Although it's only a city bus ride away from Florence, Fiesole is very proud of its status as an independent municipality. In fact, this hilltop village high in the wash of green above Florence predates that city in the valley by centuries.
An Etruscan colony from Arezzo probably founded a town here in the 6th century B.C. on the site of a Bronze Age settlement. By the time Caesar set up a Roman retirement colony on the banks of the Arno below, Faesulae was the most important Etruscan center in the region. It butted heads with the upstart Fiorentina in the valley almost right from the start. Although it eventually became a Roman town, building a theater and adopting Roman customs, it always retained a bit of the Etruscan otherness that has kept it different from Florence throughout the ages. Following the requisite barbarian invasions, it became part of Florence's administrative district in the 9th century, yet continued to struggle for self-government. Medieval Florence put an end to it all in 1125 when it viciously attacked Fiesole and razed the entire city, save the cathedral and bishop's palace.

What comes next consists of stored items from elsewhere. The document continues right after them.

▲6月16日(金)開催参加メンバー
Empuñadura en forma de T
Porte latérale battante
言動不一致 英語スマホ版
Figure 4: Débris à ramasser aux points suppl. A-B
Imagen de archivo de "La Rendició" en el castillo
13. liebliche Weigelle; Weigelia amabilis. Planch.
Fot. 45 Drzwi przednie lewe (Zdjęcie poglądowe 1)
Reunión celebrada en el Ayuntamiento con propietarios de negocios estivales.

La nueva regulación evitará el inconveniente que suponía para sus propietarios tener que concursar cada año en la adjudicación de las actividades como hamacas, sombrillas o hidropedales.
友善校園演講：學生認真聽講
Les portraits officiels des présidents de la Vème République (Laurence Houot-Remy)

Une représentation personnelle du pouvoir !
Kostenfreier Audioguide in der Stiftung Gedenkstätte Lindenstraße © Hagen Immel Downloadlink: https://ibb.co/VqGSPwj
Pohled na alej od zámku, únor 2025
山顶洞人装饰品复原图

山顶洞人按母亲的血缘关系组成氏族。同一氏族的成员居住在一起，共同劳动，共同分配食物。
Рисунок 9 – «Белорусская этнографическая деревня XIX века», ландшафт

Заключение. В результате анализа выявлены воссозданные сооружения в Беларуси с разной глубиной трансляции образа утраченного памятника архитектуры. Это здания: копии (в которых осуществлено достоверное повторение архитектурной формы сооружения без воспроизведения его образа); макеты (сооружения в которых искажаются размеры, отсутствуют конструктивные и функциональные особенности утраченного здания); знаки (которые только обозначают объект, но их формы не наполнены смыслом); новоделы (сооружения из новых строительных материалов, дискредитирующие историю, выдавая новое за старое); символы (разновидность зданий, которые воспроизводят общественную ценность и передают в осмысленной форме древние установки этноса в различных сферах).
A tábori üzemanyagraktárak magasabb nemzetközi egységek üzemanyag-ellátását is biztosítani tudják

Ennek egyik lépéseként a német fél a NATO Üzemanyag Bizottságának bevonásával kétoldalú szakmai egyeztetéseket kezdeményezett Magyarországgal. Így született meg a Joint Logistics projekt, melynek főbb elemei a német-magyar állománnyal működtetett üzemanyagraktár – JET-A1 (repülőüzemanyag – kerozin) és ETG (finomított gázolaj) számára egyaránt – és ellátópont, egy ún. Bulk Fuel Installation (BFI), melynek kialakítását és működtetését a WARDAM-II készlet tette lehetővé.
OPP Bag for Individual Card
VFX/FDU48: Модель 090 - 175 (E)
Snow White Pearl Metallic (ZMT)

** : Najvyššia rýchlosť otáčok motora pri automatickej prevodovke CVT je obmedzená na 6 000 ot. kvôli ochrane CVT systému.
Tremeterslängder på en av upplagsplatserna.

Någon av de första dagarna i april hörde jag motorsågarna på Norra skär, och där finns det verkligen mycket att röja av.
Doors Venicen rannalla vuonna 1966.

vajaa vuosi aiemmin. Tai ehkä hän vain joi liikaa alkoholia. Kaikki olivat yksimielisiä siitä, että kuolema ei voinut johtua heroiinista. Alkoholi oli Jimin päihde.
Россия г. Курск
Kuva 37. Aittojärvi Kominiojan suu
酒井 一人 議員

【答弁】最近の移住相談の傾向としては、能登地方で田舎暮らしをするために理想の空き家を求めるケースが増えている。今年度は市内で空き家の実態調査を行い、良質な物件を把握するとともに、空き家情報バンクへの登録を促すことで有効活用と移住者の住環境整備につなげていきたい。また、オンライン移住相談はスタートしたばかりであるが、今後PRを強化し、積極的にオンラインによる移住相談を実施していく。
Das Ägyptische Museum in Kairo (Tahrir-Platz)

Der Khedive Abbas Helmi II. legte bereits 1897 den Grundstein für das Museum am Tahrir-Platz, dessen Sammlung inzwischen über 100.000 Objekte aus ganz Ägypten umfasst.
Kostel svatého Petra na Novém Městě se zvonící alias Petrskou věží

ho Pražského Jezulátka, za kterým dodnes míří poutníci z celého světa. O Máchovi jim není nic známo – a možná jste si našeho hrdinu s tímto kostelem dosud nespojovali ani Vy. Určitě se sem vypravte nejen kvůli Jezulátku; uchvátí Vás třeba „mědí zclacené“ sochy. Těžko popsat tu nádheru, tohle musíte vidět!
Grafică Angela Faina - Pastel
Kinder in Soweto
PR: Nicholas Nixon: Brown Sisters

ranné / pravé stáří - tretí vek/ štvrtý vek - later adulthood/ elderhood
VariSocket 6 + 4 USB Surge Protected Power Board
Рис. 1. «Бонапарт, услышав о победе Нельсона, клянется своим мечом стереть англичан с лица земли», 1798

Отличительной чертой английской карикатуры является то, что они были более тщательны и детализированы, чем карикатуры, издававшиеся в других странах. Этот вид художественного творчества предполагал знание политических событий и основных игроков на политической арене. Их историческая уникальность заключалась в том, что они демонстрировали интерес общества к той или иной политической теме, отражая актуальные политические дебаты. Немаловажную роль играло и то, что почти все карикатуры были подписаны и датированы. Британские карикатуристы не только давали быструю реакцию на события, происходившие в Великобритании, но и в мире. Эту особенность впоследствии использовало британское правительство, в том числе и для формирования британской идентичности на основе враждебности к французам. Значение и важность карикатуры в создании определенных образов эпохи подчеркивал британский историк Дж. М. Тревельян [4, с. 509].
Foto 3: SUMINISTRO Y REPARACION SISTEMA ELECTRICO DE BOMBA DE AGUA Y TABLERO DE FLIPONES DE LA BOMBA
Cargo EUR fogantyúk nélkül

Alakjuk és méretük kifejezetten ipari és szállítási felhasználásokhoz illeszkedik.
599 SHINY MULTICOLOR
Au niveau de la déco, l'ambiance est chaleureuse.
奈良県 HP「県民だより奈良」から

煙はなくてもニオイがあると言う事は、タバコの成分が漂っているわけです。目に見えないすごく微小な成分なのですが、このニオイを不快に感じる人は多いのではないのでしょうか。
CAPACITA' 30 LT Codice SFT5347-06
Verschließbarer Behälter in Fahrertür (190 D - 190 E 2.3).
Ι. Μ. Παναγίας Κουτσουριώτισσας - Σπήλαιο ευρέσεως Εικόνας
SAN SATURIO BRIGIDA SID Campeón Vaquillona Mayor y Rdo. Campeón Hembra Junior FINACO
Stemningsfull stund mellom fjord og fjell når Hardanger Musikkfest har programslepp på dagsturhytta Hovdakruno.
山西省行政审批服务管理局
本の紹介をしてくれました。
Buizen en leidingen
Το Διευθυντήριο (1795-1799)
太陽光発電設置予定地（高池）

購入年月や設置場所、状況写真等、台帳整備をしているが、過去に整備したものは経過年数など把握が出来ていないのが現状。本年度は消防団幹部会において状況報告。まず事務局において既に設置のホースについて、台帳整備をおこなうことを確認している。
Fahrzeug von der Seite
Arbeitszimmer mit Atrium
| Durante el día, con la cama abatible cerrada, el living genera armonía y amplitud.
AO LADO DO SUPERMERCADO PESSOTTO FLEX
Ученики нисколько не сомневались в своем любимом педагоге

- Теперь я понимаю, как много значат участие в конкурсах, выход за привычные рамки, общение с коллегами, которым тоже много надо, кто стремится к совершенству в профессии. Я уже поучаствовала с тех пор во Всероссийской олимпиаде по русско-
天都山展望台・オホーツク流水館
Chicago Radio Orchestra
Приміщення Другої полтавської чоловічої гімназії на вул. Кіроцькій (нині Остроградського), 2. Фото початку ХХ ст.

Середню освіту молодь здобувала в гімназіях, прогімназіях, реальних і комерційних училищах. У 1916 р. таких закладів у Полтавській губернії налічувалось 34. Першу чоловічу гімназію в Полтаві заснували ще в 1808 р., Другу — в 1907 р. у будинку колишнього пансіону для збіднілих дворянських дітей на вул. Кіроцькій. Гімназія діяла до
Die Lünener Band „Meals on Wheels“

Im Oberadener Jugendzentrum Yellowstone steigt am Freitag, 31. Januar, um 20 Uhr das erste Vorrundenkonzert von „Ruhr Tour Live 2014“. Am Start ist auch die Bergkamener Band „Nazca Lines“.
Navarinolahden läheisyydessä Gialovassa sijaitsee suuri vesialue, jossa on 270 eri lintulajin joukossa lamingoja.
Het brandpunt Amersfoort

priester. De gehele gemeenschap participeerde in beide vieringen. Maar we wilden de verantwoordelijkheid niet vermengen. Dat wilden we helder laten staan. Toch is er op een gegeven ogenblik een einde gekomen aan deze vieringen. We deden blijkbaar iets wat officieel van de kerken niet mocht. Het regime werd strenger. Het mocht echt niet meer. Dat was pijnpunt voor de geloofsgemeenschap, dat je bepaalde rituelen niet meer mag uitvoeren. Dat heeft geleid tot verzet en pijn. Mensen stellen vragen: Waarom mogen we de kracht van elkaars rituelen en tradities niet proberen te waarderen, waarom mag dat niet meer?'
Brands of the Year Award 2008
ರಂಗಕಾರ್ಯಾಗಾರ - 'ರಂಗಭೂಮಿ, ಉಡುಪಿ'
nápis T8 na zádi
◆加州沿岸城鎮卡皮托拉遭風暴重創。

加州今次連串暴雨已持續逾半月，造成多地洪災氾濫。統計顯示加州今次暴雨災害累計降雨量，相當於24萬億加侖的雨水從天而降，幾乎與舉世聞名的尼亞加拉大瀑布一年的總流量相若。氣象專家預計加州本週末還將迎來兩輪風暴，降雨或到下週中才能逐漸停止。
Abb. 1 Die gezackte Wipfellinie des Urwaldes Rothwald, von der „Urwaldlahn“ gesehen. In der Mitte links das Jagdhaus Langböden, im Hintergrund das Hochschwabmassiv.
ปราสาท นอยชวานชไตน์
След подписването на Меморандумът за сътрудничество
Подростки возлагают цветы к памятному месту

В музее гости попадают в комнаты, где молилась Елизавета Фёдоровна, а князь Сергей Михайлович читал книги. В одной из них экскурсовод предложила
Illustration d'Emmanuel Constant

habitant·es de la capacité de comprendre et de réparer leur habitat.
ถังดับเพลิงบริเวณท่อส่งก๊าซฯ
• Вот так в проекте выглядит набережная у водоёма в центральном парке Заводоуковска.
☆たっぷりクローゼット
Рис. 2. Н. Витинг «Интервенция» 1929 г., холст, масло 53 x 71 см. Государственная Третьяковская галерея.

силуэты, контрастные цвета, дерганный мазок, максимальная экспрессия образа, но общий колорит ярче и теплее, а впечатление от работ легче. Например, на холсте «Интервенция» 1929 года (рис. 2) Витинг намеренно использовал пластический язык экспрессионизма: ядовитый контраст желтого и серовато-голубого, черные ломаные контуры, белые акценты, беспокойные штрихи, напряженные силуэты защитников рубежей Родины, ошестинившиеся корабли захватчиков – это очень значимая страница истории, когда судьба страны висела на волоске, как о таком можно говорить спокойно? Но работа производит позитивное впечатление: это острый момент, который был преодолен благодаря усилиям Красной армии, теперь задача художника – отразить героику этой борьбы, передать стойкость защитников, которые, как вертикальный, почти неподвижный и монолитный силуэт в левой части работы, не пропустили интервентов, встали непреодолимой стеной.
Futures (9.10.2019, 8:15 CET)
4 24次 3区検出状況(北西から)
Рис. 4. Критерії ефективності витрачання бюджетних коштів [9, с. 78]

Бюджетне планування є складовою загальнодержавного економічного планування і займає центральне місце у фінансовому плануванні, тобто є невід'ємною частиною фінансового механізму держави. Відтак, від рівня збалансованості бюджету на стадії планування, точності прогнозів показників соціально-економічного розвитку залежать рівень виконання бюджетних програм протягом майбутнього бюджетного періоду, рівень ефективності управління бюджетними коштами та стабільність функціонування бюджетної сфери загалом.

Becoming an irrelevant footnote to Florentine history has actually aided Fiesole in the end. Modern upper-middle-class Florentines have decided it's posh to buy an old villa on the hillside leading up to the town and maintain the villa's extensive gardens. This means that the oasis of cultivated greenery separating Florence from Fiesole has remained. Even with Florence so close by, Fiesole endures as a Tuscan small town to this day, entirely removed from the city at its feet and hence the perfect escape from summertime crowds. It stays cool all summer long, and while you sit at a cafe on Piazza Mino, sipping an iced cappuccino, it might seem as though the lines at the Uffizi and pedestrian traffic around the Duomo are very distant indeed.